The word nine has four letters.
The word four has four letters.

Here are some more English words, with their word number length counting sequence. I found a long list of English words, so this list is truly a random sample. (For the other languages, I could not find a nice long list, so the words are not random but rather a convenience sample.)

miscognizable thirteen eight five four
harvestry nine four
geopolitist eleven six three five four
jessed six three five four
pardonee eight five four
whitfield nine four
ghazal six three five four
morphophonemically eighteen eight five four
calonectria eleven six three five four
conceptiveness fourteen eight five four

Every German word also gets you to the same black hole number: vier.

handschuh neun vier
flugzeug acht vier
staubsauger elf drei vier
waschmaschine dreizehn acht vier
haustürschlüssel sechszehn neun vier
lächeln sieben sechs funf vier
geutscher neun vier
danke funf vier
morgen sechs funf vier
tee drei vier
torschlusspanik funfzehn acht vier

In Hebrew, where there is the complication that letters are written from right to left, there are two black hole numbers: ארבע and שלש . Below, the rightmost word is the word whose letters are first counted, and the subsequent counting is from right to left.

פירת ארבע
אורתודוקסית אחדעשר שש שתים ארבע
קומוניסטית עשר שלש
ומועמדויות עשר שלש
עיתונות שבע שלש
ארוך ארבע
שלה שלש
כך שתים ארבע
לראות חמש שלש
להסתכל שש שתים ארבע

In Spanish there is a black hole at cinco. However, unlike the previous languages that had a black hole where you are stuck and can’t get out, Spanish also has some words where you oscillate back and forth between two numbers but never really fall into a hole.

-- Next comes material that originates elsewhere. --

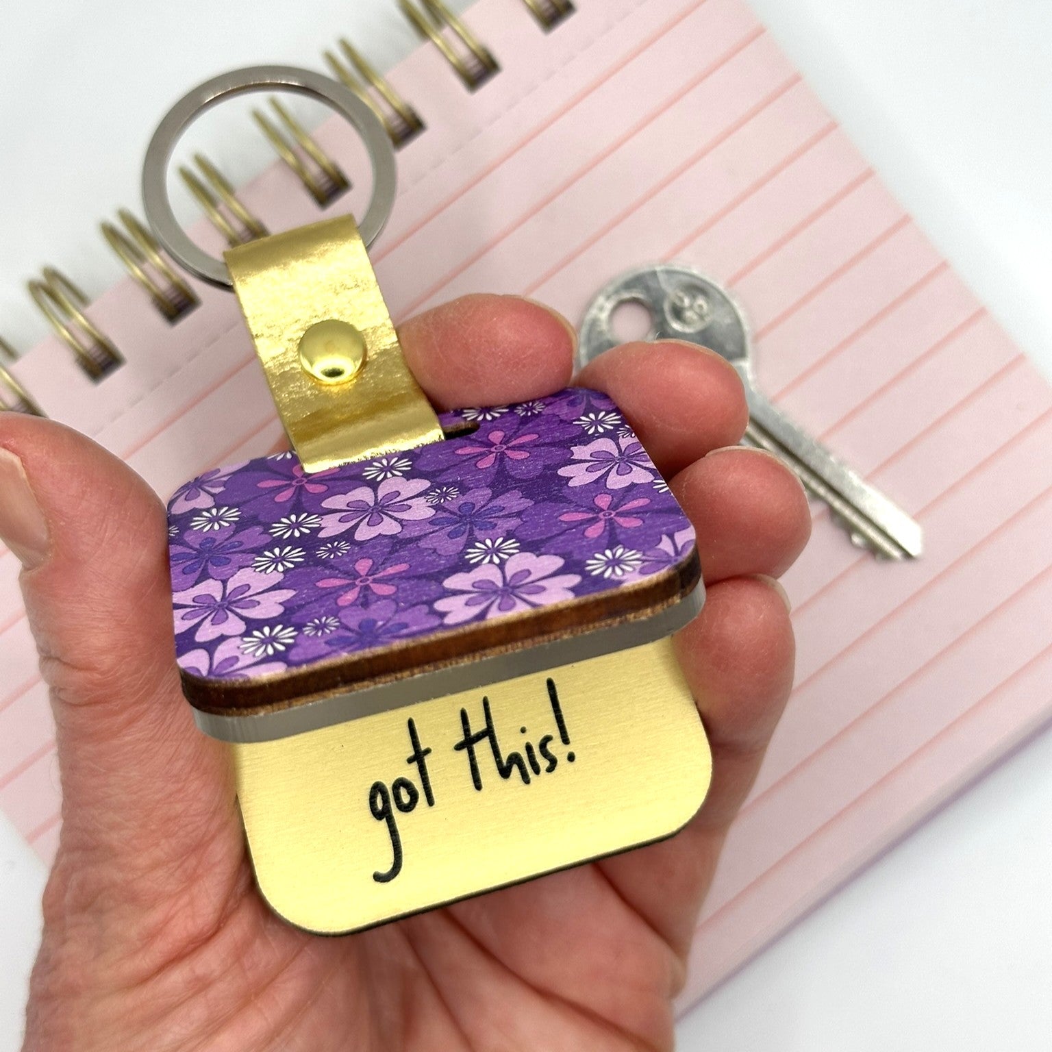 This floral wooden keyring is carefully printed with a purple primula flower design. The pattern is designed in a 70’s inspired style. Primula’s are the flower for a February birthday. On the back is printed a choice of uplifting message.
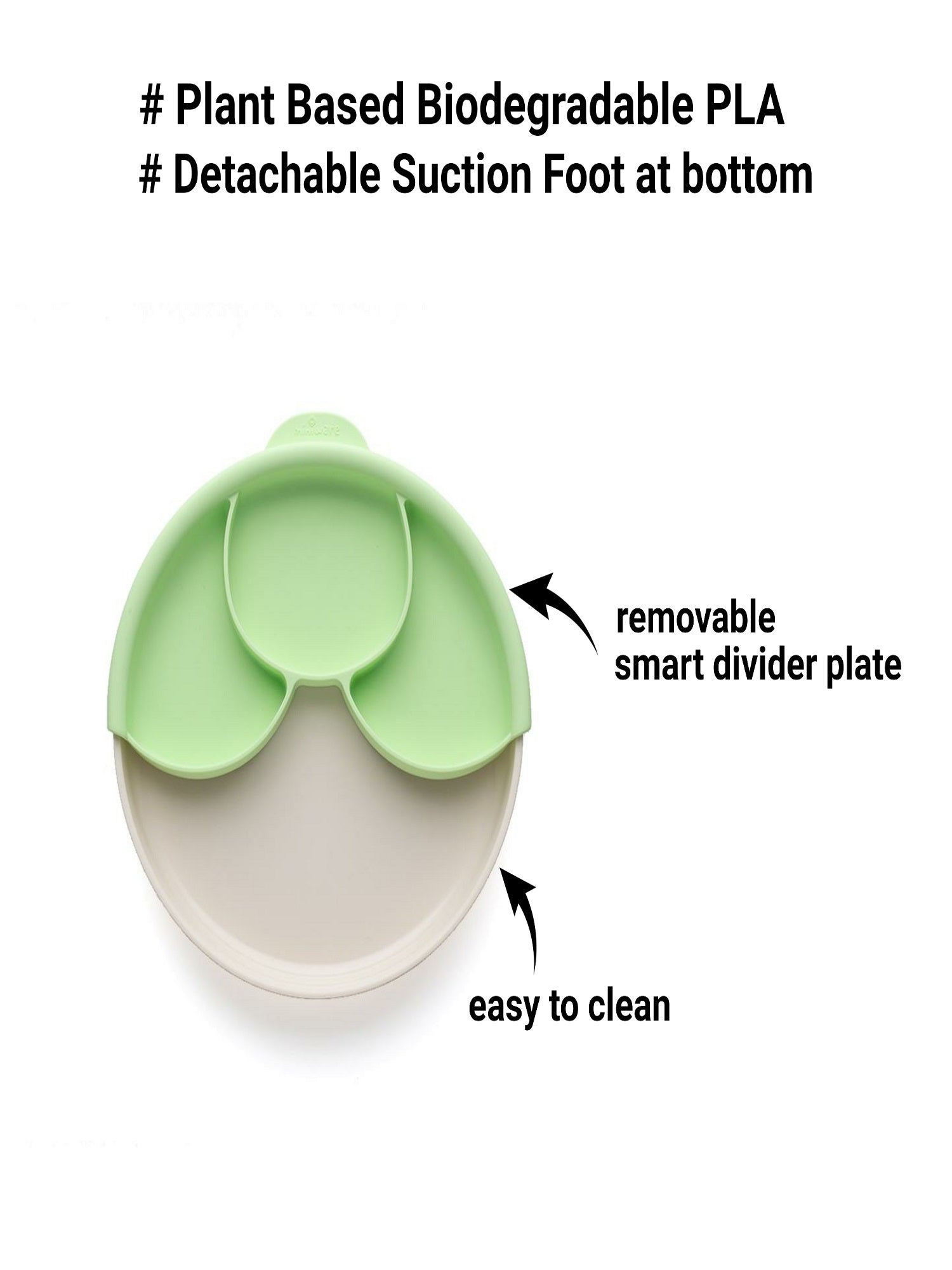 Healthy Meal Set Includes: 1 x Cassava PLA Sandwich Plate, 1 x removable Silicone Divider, 1 x smart detachable Suction Foot with airtight seal, to help keep messy foods in place.

These two Spanish numbers are seis and cuatro.

montaña ocho cuatro seis cuatro seis cuatro seis cuatro seis cuatro
Iglesia siete cinco
computadora once cuatro seis cuatro seis cuatro seis cuatro seis cuatro
oficina siete cinco
preguntar nueve cinco
entender ocho cuatro seis cuatro seis cuatro seis cuatro seis cuatro
hermosa siete cinco
asombroso nueve cinco
perezoso ocho cuatro seis cuatro seis cuatro seis cuatro seis cuatro
somnoliento doce cuatro seis cuatro seis cuatro seis cuatro seis cuatro
saludable nueve cinco

This is reminiscent of some numerical algorithms that oscillate and never converge. For example, if f(x) = x3 -2*x + 2 and x0 = 1, which has a single root at approximately -1.769, Newton-Raphson approximations will oscillate between x = 0 and x = 1, and f(x) = 1 and f(x) = 2 and never find the root. You can see from the first graph that the oscillation occurs at the wrong section of the curve.

If you think about it, the trick to why these black holes exist is not too difficult, and the same trick works in these four languages. I’m sure there are other languages that have no such black hole.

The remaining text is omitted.